Enjoy your Christmas. Eat, drink and be really merry. You deserve it.
Love from the Cat.
- Tony
December 6, 2014 at 10:10 am -
Dear Anna
You have been an inspiration to many people over the last few years, and although you gave us fair warning we still didn’t really believe a day would come when you might actually say goodbye.
Please keep in touch whenever you feel able, but please don’t think of it as an obligation. You deserve to clear your mind of any stress; relax and enjoy your allotted time.
The last straw for me was your signing off as Susanne. That did it, I blubbed! - suffolkgirl
December 6, 2014 at 6:25 pm -
I’ve always been amazed that you had the energy to blog with such verve and enthusiasm despite your illness. Now you rightly save your energies for yourself and Mr G and we shall miss you. I wish you the best possible health and all happiness and hope you look in from time to time.
- Henry
December 9, 2014 at 8:48 pm -
I don’t blame you in the slightest. To state the obvious: hospitals are bleeding awful places, getting treated like a kid by stressed nurses who exercise this weird kind of pressure on anyone who wants to get up and walk about on the ward, Doctors who are either unwilling or unable to talk anything other than double dutch.
Anyway thanks for all your fantastic work- though I’m sure there will be more. Take care
- Clarissa
December 17, 2014 at 10:04 pm -
Dear Susanne,
Apologies that this is a bit late but I’ve fallen slightly behind on my reading.
I won’t say anything as daft as I support your decision as, quite frankly, it was between you and Mr. G. and none of my business as to which way you jumped. What I will say is that I wish you all the best and hopefully you will confound the doctors and survive for many years to come.

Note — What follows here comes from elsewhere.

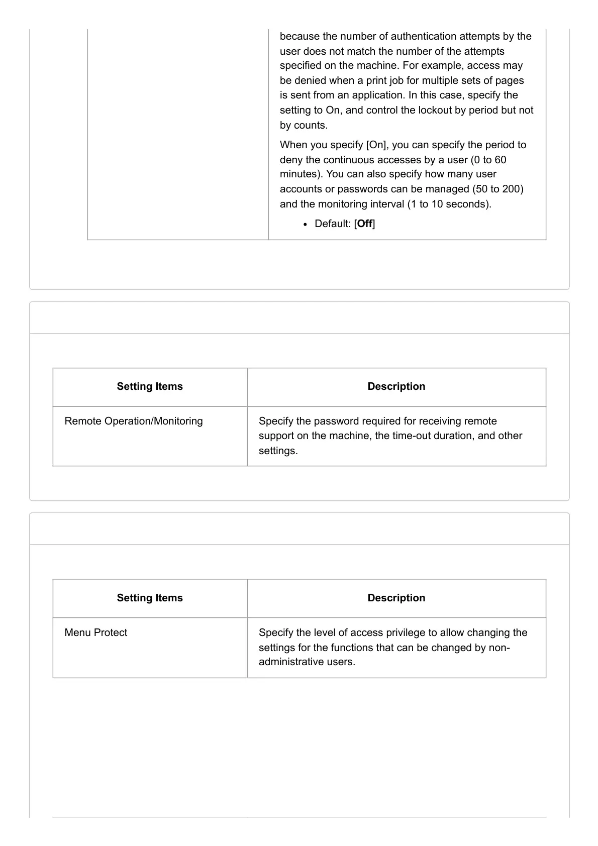 Remote Operation/Monitoring Specify the password required for receiving remote

In relation to my own family, I suspect (but can never prove) that my Nan, when informed of her breast cancer in her late 70s, probably decided that whatever she was offered in the way surgery/chemo/radio wasn’t worth the extra months or years it may have gained her. She also insisted that the knowledge of it be kept from her grandchildren because at that time I was in my final year at uni and my brother was in the upper-sixth. As circumstances had it, I found out the day after my final exam and she died the following day. My brother wasn’t so lucky and had found out a day or so before me thanks to a blunder by the admin department of the hospital (Mum was making arrangements for Nan to see out her final days in her own bed and had left strict instructions that all calls were either to be to work or mobile but someone screwed up). He ended up resetting his A-Levels the following summer.